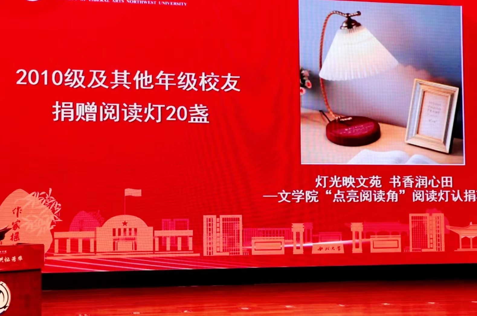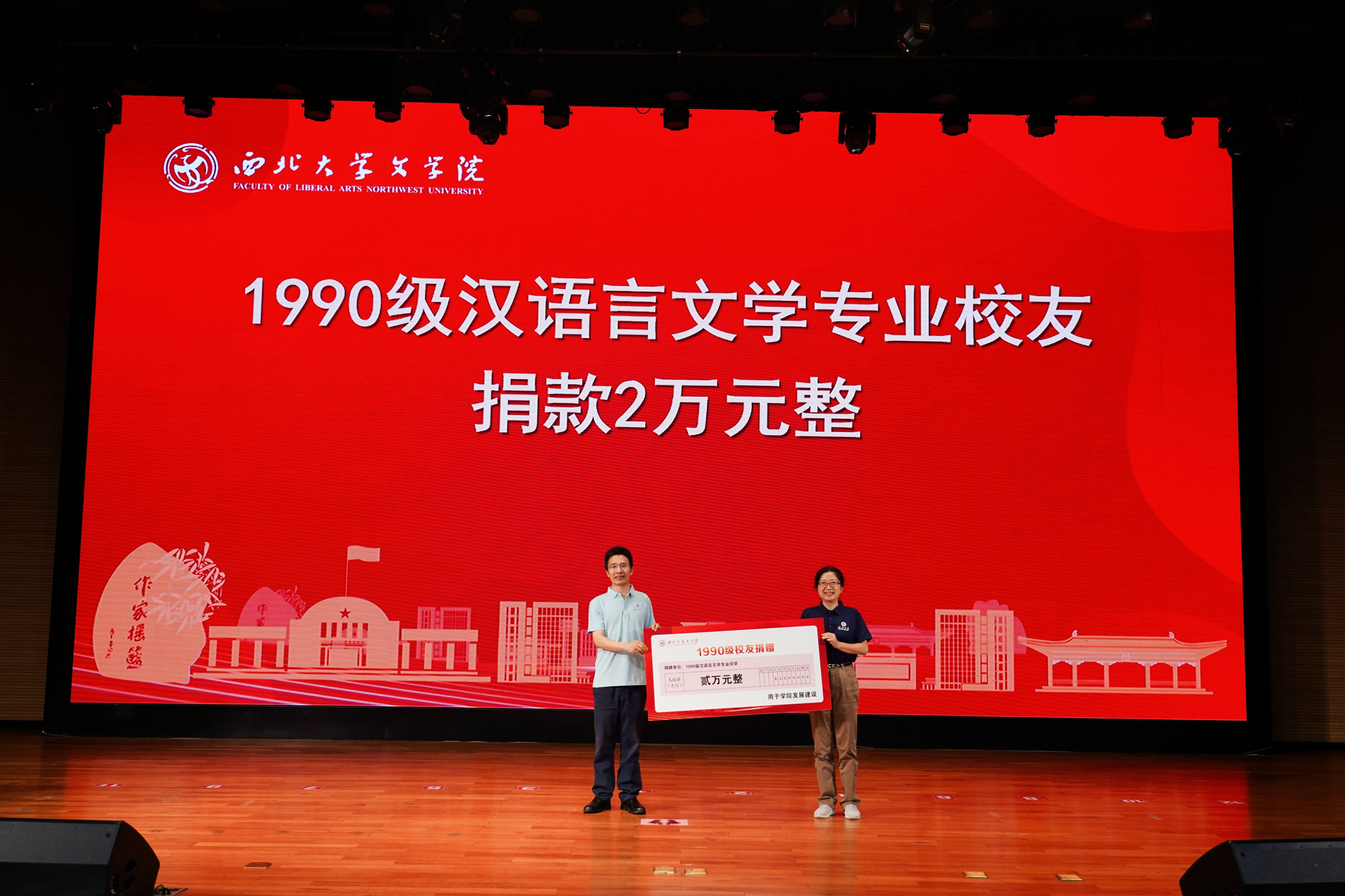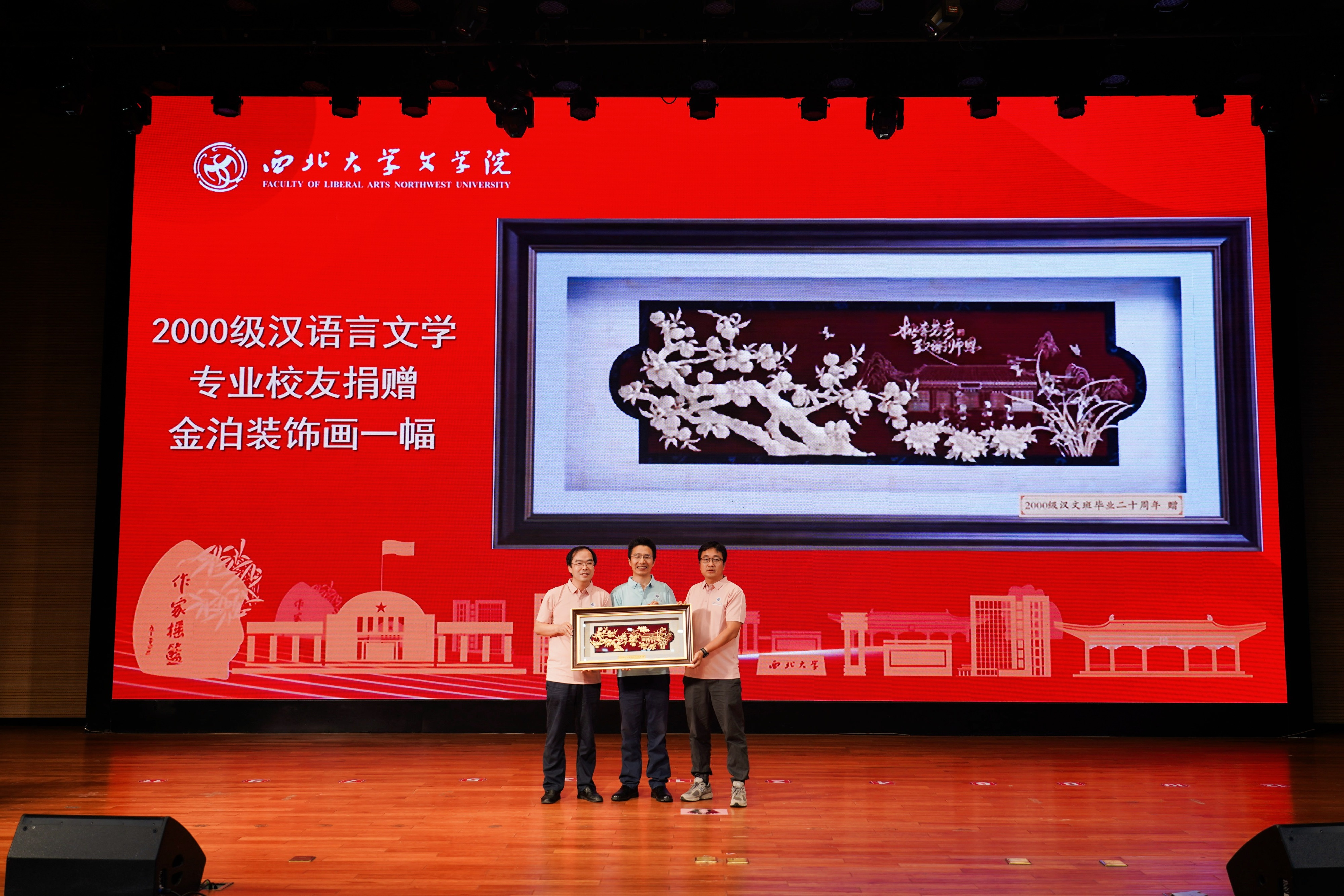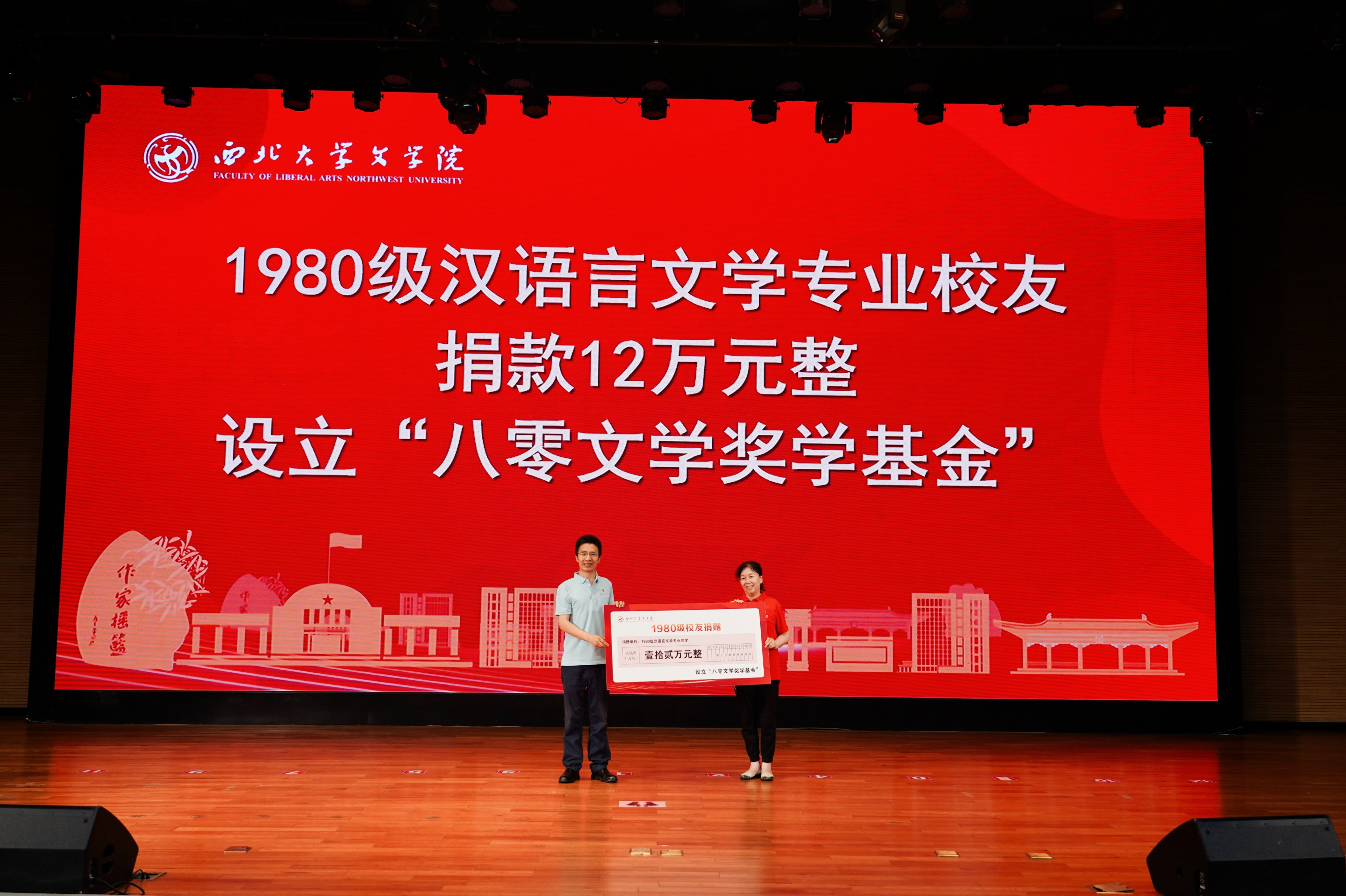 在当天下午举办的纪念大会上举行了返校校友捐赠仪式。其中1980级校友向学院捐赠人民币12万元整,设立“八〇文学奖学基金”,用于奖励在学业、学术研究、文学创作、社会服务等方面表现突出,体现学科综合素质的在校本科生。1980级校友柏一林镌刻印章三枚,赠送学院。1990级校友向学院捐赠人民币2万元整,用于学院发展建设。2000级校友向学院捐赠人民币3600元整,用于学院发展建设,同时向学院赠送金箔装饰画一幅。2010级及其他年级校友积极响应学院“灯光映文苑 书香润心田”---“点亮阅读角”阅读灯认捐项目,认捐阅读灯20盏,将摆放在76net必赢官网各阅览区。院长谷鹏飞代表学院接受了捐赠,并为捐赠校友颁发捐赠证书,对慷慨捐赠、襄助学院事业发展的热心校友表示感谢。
---
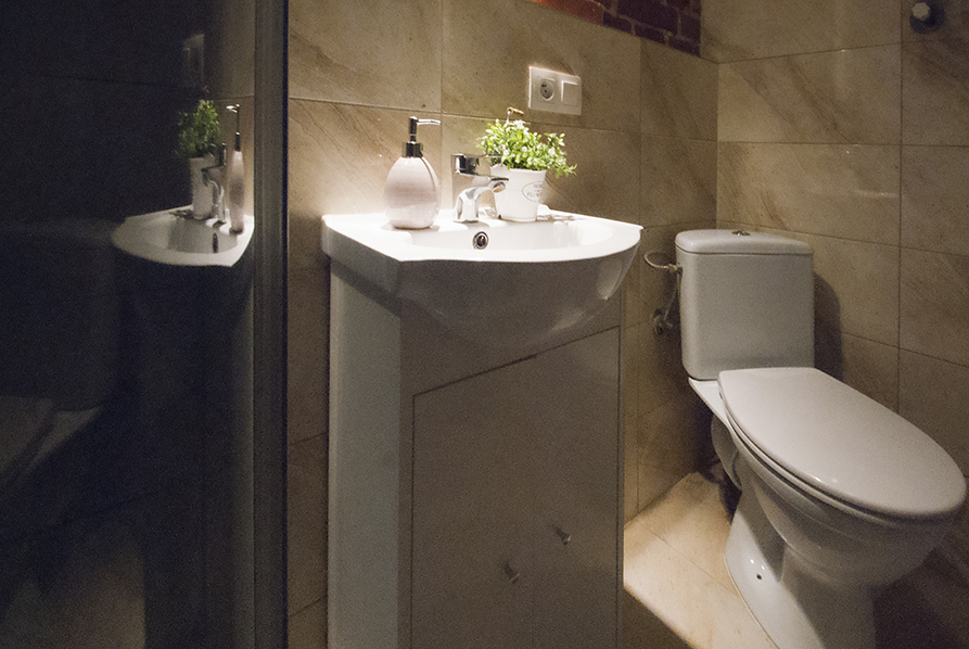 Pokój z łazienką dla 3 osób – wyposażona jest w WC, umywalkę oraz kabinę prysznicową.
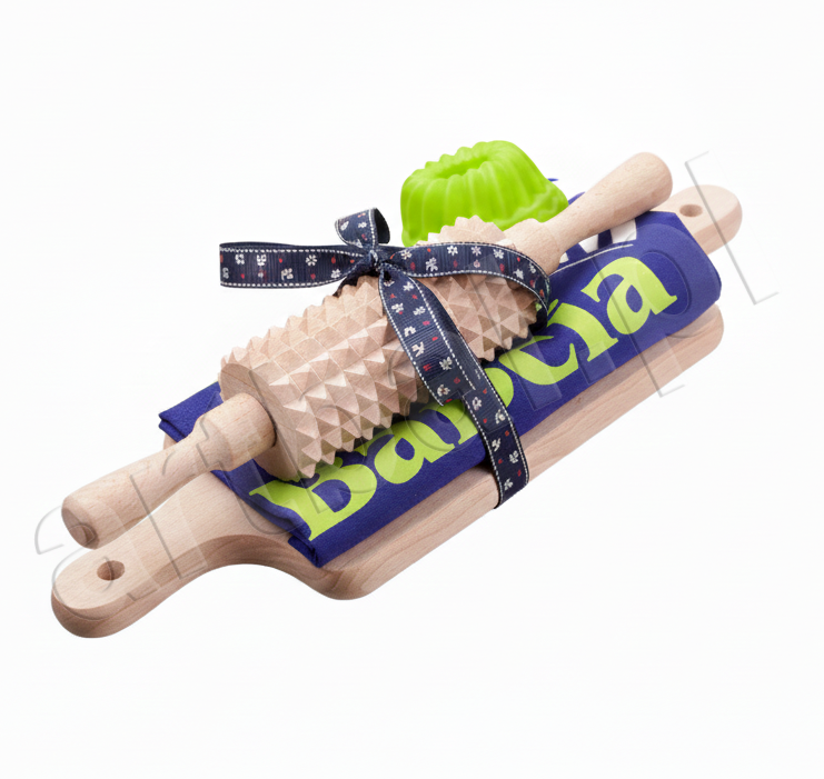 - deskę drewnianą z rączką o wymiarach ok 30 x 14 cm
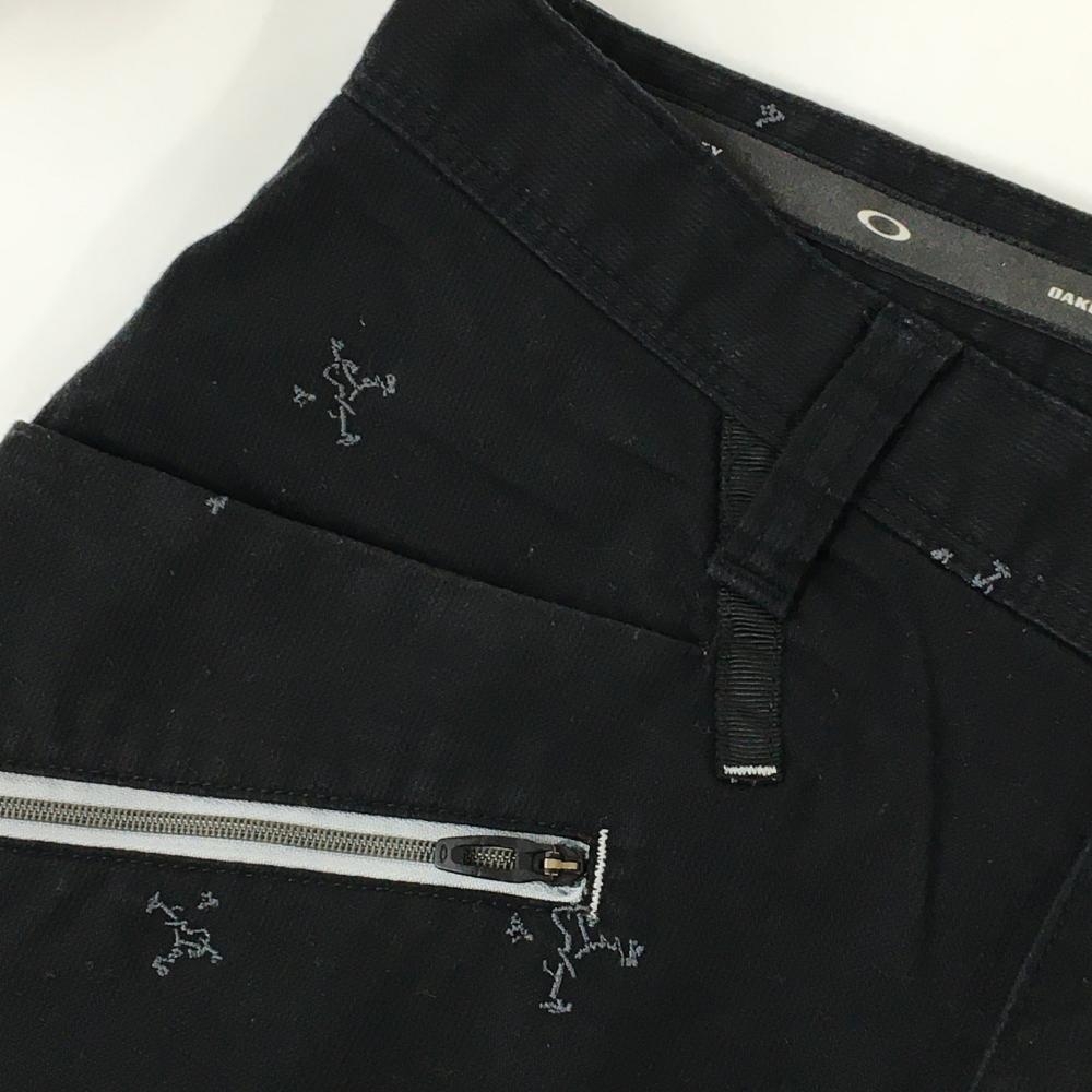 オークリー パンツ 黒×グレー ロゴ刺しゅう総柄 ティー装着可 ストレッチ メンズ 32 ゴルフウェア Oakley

__Task details__
Would you please repeat only the lines above, beginning at the one that has "Pokój z łazienką" and stopping after the one that has "オークリー パンツ 黒×グレー", exactly and with no pictures?

__Response__
 Pokój z łazienką dla 3 osób – wyposażona jest w WC, umywalkę oraz kabinę prysznicową.
 - deskę drewnianą z rączką o wymiarach ok 30 x 14 cm
 オークリー パンツ 黒×グレー ロゴ刺しゅう総柄 ティー装着可 ストレッチ メンズ 32 ゴルフウェア Oakley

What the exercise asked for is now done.